Problem description>
Below, locate the line that contains "Farbe Nr. 450". Repeat exactly from that line to the line that contains "యాదాద్రి భువనగిరి జిల్లా", inclusive, leaving out the pictures.

Stored entries>
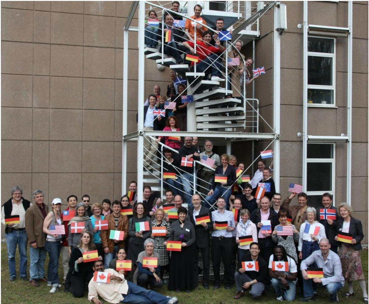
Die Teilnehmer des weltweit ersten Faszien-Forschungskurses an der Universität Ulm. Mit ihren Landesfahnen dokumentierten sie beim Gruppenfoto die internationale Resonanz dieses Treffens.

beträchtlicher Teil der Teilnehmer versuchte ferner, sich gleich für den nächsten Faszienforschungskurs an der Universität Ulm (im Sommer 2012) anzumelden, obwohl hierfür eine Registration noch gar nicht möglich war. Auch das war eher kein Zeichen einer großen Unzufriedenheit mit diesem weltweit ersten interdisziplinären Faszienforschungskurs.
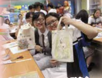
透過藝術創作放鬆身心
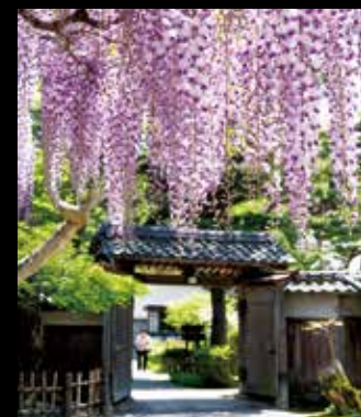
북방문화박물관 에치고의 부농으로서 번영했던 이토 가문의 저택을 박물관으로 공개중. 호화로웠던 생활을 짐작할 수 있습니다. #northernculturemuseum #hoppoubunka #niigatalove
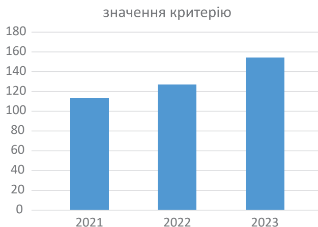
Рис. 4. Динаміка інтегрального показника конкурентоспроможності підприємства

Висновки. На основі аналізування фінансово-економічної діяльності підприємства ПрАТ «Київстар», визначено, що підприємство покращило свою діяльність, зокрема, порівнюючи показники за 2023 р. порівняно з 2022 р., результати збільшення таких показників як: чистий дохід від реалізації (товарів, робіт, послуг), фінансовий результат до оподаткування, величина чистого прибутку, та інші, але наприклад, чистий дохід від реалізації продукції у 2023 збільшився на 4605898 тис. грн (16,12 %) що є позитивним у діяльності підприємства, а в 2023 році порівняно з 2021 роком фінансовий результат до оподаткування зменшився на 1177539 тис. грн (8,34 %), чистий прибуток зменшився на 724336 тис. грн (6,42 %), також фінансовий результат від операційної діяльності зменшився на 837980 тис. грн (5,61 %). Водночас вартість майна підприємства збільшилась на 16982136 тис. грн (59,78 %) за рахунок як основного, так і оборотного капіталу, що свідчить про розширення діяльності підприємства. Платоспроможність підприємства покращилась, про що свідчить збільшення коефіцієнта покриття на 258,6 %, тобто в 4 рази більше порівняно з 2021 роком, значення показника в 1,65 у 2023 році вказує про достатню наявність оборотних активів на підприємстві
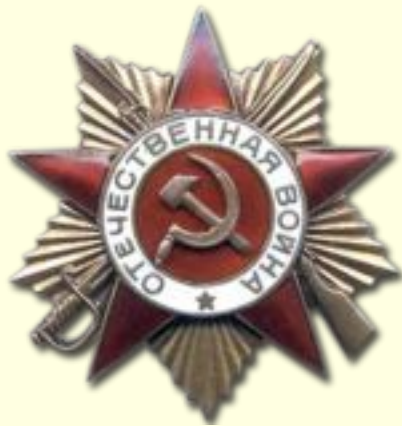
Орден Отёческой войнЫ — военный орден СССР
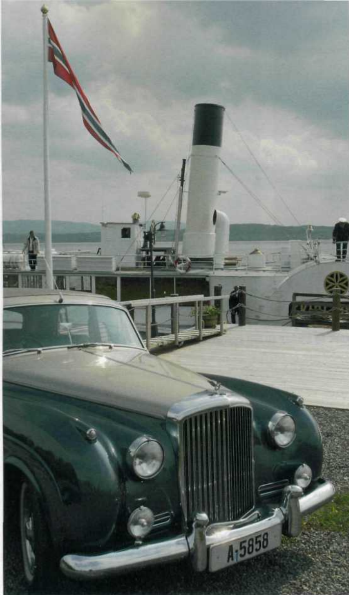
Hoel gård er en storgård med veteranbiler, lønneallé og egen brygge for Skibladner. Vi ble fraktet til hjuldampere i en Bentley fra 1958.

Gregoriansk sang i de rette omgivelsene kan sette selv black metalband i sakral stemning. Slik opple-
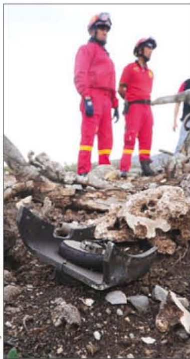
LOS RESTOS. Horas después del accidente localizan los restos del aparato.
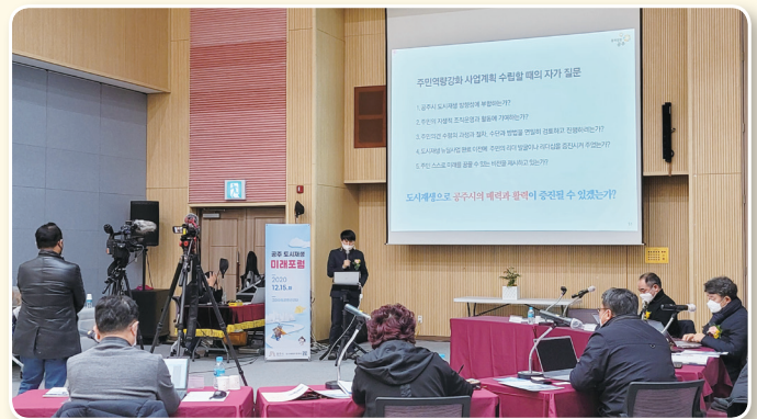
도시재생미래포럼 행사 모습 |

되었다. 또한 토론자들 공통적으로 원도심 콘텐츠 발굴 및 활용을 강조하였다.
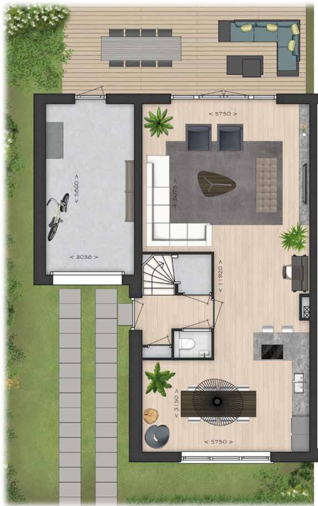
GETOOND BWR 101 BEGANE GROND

---

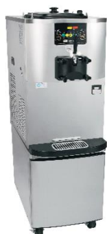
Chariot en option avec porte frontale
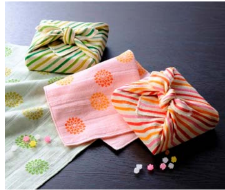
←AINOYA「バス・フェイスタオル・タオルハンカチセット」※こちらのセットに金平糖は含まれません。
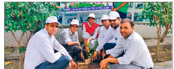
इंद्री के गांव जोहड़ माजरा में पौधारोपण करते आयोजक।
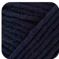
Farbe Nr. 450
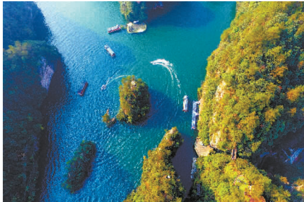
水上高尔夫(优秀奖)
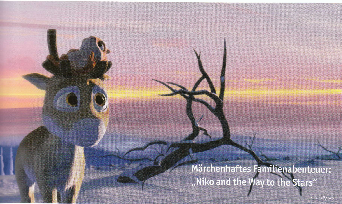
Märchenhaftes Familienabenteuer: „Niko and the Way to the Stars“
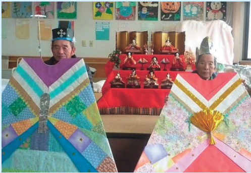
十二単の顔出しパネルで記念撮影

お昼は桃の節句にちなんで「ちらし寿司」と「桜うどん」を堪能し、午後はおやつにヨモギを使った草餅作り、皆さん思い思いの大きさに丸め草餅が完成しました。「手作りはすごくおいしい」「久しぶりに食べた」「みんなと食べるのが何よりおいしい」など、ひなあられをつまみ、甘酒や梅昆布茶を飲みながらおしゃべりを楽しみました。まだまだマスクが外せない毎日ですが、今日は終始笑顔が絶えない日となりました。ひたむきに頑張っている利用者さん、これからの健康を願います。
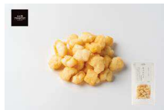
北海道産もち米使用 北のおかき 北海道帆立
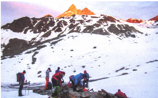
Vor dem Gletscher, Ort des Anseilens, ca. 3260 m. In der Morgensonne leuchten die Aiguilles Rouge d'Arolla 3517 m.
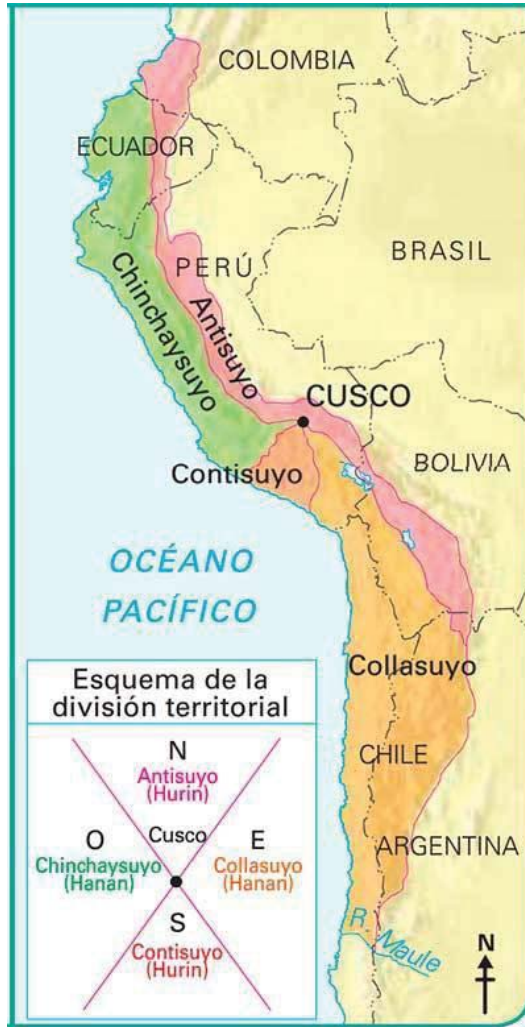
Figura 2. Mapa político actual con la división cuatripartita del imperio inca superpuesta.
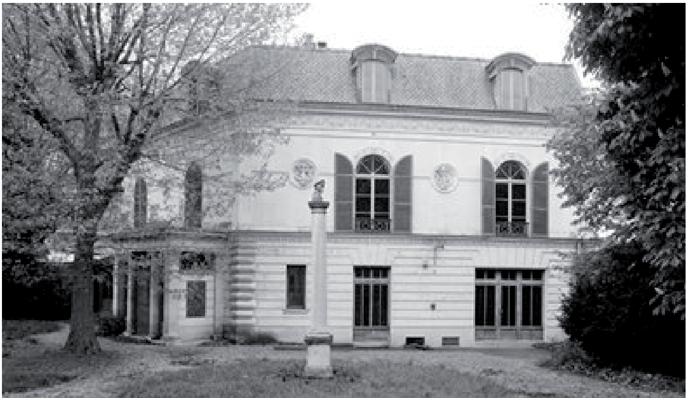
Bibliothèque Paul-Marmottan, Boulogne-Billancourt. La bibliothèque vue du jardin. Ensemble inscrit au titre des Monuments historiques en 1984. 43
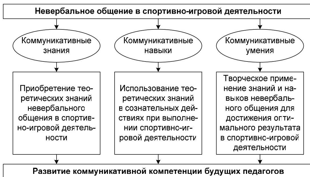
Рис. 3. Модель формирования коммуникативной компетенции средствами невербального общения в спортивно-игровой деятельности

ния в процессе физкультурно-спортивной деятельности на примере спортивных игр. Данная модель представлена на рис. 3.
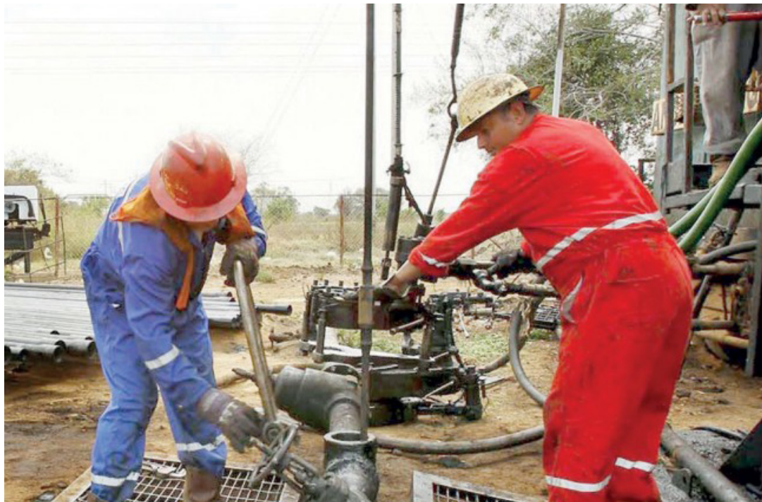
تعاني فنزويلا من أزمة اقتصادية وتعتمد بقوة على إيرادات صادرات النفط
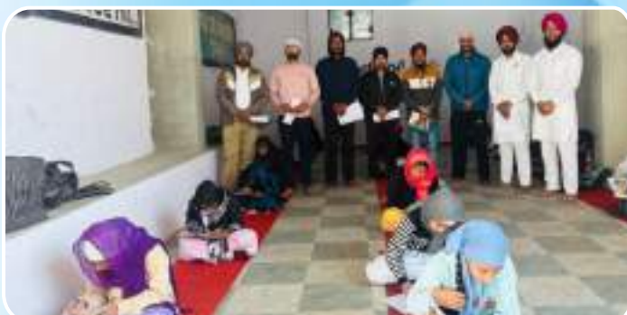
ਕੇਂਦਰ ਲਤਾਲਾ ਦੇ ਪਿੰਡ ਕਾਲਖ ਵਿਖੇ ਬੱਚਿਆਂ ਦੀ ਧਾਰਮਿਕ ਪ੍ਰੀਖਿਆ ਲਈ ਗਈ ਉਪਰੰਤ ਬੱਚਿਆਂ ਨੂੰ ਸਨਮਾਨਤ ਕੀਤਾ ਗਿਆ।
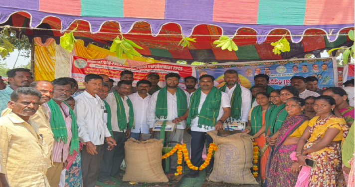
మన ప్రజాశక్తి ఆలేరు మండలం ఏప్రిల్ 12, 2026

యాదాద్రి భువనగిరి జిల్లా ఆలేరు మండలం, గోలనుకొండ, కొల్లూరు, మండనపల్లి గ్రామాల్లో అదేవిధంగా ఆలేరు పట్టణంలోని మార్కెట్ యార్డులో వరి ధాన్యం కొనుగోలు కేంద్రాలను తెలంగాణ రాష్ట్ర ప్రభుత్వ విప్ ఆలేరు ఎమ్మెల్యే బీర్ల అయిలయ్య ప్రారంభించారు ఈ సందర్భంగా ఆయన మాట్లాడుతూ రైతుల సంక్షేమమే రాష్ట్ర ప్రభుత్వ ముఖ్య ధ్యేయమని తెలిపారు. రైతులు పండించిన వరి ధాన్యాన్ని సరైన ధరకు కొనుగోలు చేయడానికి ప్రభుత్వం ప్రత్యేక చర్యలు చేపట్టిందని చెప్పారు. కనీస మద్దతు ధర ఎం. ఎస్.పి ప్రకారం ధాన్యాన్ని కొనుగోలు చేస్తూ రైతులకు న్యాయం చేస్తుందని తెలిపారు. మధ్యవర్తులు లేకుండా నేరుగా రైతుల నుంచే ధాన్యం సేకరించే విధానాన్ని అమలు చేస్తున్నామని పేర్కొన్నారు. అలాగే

...

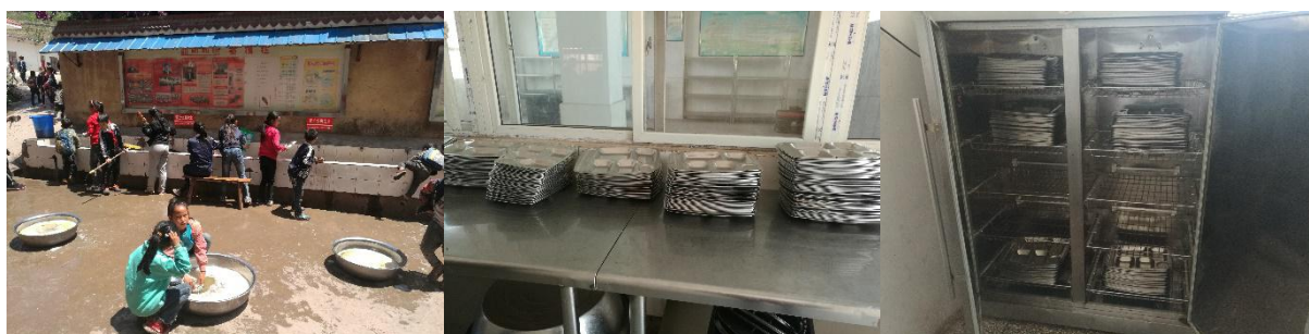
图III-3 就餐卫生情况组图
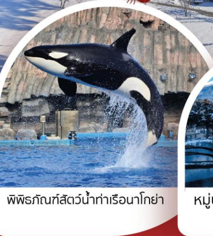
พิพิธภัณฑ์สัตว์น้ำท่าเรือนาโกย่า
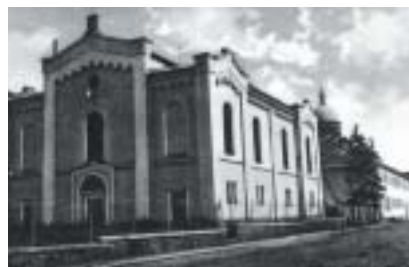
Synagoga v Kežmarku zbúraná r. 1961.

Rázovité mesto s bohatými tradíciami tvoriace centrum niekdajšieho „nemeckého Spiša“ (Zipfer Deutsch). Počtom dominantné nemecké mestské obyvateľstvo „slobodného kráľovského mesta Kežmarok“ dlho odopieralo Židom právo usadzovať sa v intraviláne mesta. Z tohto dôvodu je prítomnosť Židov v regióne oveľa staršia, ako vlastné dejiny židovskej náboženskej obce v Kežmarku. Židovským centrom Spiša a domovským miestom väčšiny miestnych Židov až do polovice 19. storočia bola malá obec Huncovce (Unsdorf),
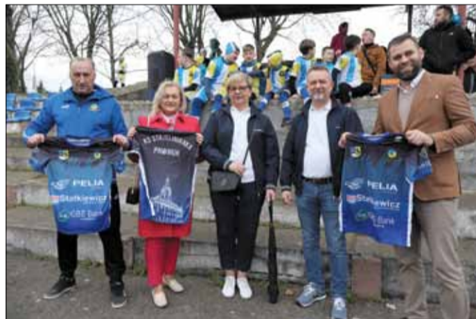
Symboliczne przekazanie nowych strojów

Written solution>
Farbe Nr. 450
水上高尔夫(优秀奖)
Märchenhaftes Familienabenteuer: „Niko and the Way to the Stars“
十二単の顔出しパネルで記念撮影

お昼は桃の節句にちなんで「ちらし寿司」と「桜うどん」を堪能し、午後はおやつにヨモギを使った草餅作り、皆さん思い思いの大きさに丸め草餅が完成しました。「手作りはすごくおいしい」「久しぶりに食べた」「みんなと食べるのが何よりおいしい」など、ひなあられをつまみ、甘酒や梅昆布茶を飲みながらおしゃべりを楽しみました。まだまだマスクが外せない毎日ですが、今日は終始笑顔が絶えない日となりました。ひたむきに頑張っている利用者さん、これからの健康を願います。
北海道産もち米使用 北のおかき 北海道帆立
Vor dem Gletscher, Ort des Anseilens, ca. 3260 m. In der Morgensonne leuchten die Aiguilles Rouge d'Arolla 3517 m.
Figura 2. Mapa político actual con la división cuatripartita del imperio inca superpuesta.
Bibliothèque Paul-Marmottan, Boulogne-Billancourt. La bibliothèque vue du jardin. Ensemble inscrit au titre des Monuments historiques en 1984. 43
Рис. 3. Модель формирования коммуникативной компетенции средствами невербального общения в спортивно-игровой деятельности

ния в процессе физкультурно-спортивной деятельности на примере спортивных игр. Данная модель представлена на рис. 3.
تعاني فنزويلا من أزمة اقتصادية وتعتمد بقوة على إيرادات صادرات النفط
ਕੇਂਦਰ ਲਤਾਲਾ ਦੇ ਪਿੰਡ ਕਾਲਖ ਵਿਖੇ ਬੱਚਿਆਂ ਦੀ ਧਾਰਮਿਕ ਪ੍ਰੀਖਿਆ ਲਈ ਗਈ ਉਪਰੰਤ ਬੱਚਿਆਂ ਨੂੰ ਸਨਮਾਨਤ ਕੀਤਾ ਗਿਆ।
మన ప్రజాశక్తి ఆలేరు మండలం ఏప్రిల్ 12, 2026

యాదాద్రి భువనగిరి జిల్లా ఆలేరు మండలం, గోలనుకొండ, కొల్లూరు, మండనపల్లి గ్రామాల్లో అదేవిధంగా ఆలేరు పట్టణంలోని మార్కెట్ యార్డులో వరి ధాన్యం కొనుగోలు కేంద్రాలను తెలంగాణ రాష్ట్ర ప్రభుత్వ విప్ ఆలేరు ఎమ్మెల్యే బీర్ల అయిలయ్య ప్రారంభించారు ఈ సందర్భంగా ఆయన మాట్లాడుతూ రైతుల సంక్షేమమే రాష్ట్ర ప్రభుత్వ ముఖ్య ధ్యేయమని తెలిపారు. రైతులు పండించిన వరి ధాన్యాన్ని సరైన ధరకు కొనుగోలు చేయడానికి ప్రభుత్వం ప్రత్యేక చర్యలు చేపట్టిందని చెప్పారు. కనీస మద్దతు ధర ఎం. ఎస్.పి ప్రకారం ధాన్యాన్ని కొనుగోలు చేస్తూ రైతులకు న్యాయం చేస్తుందని తెలిపారు. మధ్యవర్తులు లేకుండా నేరుగా రైతుల నుంచే ధాన్యం సేకరించే విధానాన్ని అమలు చేస్తున్నామని పేర్కొన్నారు. అలాగే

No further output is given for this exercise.